In the records below, count every line that contains the word "with" and report only the total.

[LISTED RECORDS]

##############################

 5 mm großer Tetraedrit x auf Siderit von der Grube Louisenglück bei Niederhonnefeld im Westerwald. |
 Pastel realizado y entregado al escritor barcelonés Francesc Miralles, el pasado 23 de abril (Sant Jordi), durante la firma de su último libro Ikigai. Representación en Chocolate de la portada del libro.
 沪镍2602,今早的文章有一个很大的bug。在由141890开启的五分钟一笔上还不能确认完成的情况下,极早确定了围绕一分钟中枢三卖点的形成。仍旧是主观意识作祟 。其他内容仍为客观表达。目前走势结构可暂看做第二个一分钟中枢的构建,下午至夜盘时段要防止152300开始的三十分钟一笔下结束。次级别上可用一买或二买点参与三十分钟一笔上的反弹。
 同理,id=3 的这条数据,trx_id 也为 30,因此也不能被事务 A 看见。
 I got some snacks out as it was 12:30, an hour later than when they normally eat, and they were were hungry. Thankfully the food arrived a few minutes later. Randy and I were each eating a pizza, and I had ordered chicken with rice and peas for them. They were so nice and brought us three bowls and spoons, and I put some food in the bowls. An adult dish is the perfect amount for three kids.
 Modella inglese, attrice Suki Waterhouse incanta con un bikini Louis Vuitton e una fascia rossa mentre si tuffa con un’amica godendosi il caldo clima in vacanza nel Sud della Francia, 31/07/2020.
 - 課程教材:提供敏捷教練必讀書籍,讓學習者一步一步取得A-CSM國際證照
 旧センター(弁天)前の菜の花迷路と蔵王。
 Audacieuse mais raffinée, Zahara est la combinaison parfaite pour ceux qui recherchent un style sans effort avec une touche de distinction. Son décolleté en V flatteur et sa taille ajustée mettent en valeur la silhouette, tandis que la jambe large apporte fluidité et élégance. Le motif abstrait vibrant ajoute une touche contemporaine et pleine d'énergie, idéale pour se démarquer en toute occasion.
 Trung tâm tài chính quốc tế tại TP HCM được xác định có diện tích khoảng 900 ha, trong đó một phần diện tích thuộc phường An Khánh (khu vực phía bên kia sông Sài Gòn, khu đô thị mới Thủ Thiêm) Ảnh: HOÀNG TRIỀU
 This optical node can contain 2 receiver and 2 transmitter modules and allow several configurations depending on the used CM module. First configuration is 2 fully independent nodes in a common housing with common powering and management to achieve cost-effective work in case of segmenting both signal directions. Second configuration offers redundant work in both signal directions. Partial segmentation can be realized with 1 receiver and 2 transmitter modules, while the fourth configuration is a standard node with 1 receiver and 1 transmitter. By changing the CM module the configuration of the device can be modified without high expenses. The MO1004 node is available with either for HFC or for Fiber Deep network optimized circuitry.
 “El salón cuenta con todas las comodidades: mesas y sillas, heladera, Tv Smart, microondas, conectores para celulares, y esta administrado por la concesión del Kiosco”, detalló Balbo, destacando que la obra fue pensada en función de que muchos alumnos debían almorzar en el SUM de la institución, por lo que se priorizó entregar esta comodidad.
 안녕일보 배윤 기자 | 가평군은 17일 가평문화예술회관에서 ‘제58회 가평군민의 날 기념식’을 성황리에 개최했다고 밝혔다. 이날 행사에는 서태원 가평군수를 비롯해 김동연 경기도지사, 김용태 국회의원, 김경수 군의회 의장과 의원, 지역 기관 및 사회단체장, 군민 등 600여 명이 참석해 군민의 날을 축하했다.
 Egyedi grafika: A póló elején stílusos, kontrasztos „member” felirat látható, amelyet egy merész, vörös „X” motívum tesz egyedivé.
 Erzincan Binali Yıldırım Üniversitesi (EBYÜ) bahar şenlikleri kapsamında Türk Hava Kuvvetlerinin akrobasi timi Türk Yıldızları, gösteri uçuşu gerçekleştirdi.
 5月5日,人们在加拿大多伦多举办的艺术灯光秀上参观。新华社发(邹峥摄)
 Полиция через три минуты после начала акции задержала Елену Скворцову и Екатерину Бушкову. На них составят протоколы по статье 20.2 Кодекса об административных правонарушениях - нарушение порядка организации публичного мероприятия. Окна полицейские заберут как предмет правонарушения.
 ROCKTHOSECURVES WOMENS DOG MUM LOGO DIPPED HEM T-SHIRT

##############################

[WRITTEN ANSWER] 2